(Stored data)
Segment Open
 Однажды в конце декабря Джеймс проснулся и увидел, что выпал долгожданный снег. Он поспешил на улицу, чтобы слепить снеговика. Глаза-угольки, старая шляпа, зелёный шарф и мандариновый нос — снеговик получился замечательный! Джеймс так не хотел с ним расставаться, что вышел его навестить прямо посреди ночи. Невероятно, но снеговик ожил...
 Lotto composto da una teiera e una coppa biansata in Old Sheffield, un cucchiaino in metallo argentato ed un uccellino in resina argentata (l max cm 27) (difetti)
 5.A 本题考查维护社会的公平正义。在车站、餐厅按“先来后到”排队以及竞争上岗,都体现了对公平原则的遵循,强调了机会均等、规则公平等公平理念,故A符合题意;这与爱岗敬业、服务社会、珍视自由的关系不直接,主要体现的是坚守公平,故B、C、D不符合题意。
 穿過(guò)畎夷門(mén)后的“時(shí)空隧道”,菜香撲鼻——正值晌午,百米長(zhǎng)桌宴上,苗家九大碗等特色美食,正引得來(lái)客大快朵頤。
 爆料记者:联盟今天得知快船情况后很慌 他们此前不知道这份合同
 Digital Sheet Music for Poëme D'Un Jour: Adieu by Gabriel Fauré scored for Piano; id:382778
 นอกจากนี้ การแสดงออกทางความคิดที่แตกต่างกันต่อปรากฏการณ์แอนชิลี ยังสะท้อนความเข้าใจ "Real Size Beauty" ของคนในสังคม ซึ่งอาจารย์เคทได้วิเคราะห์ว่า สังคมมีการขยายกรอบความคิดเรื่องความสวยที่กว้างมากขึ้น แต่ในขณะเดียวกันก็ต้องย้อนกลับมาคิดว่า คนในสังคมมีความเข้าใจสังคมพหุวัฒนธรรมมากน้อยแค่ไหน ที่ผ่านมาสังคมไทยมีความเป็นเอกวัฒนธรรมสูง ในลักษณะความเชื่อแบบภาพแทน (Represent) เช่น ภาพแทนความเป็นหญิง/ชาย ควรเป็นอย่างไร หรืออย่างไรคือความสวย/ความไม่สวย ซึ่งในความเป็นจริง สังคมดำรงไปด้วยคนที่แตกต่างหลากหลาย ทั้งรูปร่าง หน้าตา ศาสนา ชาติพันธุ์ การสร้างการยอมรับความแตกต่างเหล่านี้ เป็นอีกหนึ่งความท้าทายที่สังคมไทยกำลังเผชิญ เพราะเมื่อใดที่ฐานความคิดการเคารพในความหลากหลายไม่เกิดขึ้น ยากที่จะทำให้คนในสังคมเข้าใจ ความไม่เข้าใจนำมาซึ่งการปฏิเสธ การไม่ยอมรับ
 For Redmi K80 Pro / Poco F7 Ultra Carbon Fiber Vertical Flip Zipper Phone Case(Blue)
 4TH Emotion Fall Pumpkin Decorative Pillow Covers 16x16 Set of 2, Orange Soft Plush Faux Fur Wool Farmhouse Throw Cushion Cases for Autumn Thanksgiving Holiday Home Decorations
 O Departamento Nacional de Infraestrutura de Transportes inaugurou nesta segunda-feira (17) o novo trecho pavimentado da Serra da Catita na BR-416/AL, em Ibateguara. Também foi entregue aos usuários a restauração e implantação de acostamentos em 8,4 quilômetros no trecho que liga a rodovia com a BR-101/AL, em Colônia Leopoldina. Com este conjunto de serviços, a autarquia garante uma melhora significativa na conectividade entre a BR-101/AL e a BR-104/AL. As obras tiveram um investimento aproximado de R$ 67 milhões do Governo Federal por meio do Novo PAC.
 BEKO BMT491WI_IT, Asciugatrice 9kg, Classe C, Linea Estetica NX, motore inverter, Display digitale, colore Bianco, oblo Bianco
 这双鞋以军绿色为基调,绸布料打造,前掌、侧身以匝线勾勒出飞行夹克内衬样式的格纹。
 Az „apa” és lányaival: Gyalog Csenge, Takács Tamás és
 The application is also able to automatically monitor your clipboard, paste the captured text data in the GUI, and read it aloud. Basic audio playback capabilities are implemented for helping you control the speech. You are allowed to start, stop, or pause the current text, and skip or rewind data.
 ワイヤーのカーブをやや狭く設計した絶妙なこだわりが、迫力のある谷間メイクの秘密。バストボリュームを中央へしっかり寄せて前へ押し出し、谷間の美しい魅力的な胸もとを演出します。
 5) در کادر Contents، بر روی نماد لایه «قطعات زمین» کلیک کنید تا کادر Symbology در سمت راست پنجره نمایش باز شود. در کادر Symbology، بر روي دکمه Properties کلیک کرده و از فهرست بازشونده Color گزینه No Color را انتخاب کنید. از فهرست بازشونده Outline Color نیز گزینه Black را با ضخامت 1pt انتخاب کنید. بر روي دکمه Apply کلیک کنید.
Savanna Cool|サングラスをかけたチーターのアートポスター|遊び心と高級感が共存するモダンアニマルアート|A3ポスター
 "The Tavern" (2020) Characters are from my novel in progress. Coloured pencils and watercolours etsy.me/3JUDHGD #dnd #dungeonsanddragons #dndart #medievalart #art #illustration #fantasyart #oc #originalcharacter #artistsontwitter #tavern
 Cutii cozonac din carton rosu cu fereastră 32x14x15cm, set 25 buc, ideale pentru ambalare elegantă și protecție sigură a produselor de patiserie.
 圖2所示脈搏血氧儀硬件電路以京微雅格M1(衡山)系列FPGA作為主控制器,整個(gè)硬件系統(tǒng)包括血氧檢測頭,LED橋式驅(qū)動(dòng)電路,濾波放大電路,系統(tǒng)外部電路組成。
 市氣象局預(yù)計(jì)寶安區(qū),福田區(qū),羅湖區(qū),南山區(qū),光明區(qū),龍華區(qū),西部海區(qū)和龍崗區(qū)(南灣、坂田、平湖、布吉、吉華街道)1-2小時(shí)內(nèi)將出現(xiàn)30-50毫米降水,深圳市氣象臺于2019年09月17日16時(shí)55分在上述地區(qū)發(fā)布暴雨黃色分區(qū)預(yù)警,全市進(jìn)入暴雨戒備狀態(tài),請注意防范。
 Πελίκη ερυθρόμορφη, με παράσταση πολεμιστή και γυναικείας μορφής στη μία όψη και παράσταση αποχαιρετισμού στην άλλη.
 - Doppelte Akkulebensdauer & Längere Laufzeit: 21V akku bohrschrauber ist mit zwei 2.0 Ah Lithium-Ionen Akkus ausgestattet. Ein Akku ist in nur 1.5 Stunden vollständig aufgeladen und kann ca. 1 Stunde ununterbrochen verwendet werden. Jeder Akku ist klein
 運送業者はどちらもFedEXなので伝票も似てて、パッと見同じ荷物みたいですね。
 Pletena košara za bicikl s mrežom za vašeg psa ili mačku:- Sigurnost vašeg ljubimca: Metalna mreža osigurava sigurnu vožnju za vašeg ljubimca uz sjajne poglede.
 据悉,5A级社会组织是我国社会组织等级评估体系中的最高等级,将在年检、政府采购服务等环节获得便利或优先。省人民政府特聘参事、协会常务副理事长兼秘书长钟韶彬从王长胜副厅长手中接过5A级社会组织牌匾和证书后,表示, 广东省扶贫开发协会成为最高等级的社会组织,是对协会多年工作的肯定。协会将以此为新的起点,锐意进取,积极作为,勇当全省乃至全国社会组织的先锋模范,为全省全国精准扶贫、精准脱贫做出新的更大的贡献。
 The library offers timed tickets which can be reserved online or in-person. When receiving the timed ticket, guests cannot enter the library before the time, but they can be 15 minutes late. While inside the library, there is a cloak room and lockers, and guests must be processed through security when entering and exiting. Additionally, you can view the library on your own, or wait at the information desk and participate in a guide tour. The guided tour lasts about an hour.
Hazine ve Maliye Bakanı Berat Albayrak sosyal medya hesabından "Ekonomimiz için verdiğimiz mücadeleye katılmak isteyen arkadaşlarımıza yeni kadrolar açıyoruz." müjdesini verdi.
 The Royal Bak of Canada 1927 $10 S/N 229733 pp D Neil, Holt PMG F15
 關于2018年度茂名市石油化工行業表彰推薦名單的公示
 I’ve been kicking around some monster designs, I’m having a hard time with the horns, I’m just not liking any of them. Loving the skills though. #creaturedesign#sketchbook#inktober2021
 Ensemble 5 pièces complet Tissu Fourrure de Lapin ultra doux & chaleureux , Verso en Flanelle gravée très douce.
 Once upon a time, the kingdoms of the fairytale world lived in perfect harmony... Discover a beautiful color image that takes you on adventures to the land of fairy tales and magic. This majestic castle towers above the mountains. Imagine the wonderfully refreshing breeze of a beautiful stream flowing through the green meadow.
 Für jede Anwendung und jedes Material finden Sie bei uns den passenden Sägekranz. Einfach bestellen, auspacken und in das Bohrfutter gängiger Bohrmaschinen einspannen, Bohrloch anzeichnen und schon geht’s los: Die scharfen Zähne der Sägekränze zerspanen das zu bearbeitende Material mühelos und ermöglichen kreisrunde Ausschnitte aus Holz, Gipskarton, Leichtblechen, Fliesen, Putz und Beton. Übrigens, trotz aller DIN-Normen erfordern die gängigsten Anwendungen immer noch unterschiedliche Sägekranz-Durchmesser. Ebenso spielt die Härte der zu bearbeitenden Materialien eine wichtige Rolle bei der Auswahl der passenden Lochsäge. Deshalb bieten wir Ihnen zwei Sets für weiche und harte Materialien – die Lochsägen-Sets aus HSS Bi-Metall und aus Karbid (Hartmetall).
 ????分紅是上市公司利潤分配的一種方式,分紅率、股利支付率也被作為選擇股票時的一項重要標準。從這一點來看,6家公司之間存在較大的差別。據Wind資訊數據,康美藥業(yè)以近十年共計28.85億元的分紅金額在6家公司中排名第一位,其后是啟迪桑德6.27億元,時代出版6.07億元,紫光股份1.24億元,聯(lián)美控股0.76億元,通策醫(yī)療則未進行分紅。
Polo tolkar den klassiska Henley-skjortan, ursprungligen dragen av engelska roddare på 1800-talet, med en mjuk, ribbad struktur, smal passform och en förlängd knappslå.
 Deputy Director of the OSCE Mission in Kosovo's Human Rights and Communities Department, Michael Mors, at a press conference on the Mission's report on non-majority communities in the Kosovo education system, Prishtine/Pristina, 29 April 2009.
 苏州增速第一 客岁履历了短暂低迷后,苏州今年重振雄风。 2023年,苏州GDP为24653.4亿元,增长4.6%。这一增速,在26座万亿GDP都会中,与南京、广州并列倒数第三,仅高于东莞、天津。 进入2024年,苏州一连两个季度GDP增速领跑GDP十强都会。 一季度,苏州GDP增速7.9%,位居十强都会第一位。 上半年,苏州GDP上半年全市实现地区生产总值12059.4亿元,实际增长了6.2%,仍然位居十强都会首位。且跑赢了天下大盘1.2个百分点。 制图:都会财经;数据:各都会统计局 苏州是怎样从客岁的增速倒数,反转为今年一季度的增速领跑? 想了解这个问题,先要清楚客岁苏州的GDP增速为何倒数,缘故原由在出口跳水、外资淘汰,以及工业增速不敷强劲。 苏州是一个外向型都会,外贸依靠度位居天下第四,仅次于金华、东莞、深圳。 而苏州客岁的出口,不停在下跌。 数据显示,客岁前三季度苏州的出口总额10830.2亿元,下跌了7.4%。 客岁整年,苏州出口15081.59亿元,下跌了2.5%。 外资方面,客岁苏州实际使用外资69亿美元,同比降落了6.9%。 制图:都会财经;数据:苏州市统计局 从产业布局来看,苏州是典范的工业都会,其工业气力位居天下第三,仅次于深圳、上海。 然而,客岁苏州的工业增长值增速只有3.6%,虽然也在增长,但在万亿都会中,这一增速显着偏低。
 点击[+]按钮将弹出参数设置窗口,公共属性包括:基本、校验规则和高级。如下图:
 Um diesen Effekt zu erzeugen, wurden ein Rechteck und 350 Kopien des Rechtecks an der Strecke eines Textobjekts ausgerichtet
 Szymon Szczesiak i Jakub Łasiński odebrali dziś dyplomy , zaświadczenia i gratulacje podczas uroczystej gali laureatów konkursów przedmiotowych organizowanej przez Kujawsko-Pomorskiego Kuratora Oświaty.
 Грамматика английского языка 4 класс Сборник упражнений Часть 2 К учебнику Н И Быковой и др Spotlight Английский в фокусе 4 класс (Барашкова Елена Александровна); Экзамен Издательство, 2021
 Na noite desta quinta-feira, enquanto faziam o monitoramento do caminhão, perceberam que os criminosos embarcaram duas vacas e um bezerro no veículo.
Segment Closed
▶ What you need to do
Starting with the first line of the entries and ending with the line that has "4TH Emotion Fall", copy each line exactly and add nothing.

▶ Result of this exercise
 Однажды в конце декабря Джеймс проснулся и увидел, что выпал долгожданный снег. Он поспешил на улицу, чтобы слепить снеговика. Глаза-угольки, старая шляпа, зелёный шарф и мандариновый нос — снеговик получился замечательный! Джеймс так не хотел с ним расставаться, что вышел его навестить прямо посреди ночи. Невероятно, но снеговик ожил...
 Lotto composto da una teiera e una coppa biansata in Old Sheffield, un cucchiaino in metallo argentato ed un uccellino in resina argentata (l max cm 27) (difetti)
 5.A 本题考查维护社会的公平正义。在车站、餐厅按“先来后到”排队以及竞争上岗,都体现了对公平原则的遵循,强调了机会均等、规则公平等公平理念,故A符合题意;这与爱岗敬业、服务社会、珍视自由的关系不直接,主要体现的是坚守公平,故B、C、D不符合题意。
 穿過(guò)畎夷門(mén)后的“時(shí)空隧道”,菜香撲鼻——正值晌午,百米長(zhǎng)桌宴上,苗家九大碗等特色美食,正引得來(lái)客大快朵頤。
 爆料记者:联盟今天得知快船情况后很慌 他们此前不知道这份合同
 Digital Sheet Music for Poëme D'Un Jour: Adieu by Gabriel Fauré scored for Piano; id:382778
 นอกจากนี้ การแสดงออกทางความคิดที่แตกต่างกันต่อปรากฏการณ์แอนชิลี ยังสะท้อนความเข้าใจ "Real Size Beauty" ของคนในสังคม ซึ่งอาจารย์เคทได้วิเคราะห์ว่า สังคมมีการขยายกรอบความคิดเรื่องความสวยที่กว้างมากขึ้น แต่ในขณะเดียวกันก็ต้องย้อนกลับมาคิดว่า คนในสังคมมีความเข้าใจสังคมพหุวัฒนธรรมมากน้อยแค่ไหน ที่ผ่านมาสังคมไทยมีความเป็นเอกวัฒนธรรมสูง ในลักษณะความเชื่อแบบภาพแทน (Represent) เช่น ภาพแทนความเป็นหญิง/ชาย ควรเป็นอย่างไร หรืออย่างไรคือความสวย/ความไม่สวย ซึ่งในความเป็นจริง สังคมดำรงไปด้วยคนที่แตกต่างหลากหลาย ทั้งรูปร่าง หน้าตา ศาสนา ชาติพันธุ์ การสร้างการยอมรับความแตกต่างเหล่านี้ เป็นอีกหนึ่งความท้าทายที่สังคมไทยกำลังเผชิญ เพราะเมื่อใดที่ฐานความคิดการเคารพในความหลากหลายไม่เกิดขึ้น ยากที่จะทำให้คนในสังคมเข้าใจ ความไม่เข้าใจนำมาซึ่งการปฏิเสธ การไม่ยอมรับ
 For Redmi K80 Pro / Poco F7 Ultra Carbon Fiber Vertical Flip Zipper Phone Case(Blue)
 4TH Emotion Fall Pumpkin Decorative Pillow Covers 16x16 Set of 2, Orange Soft Plush Faux Fur Wool Farmhouse Throw Cushion Cases for Autumn Thanksgiving Holiday Home Decorations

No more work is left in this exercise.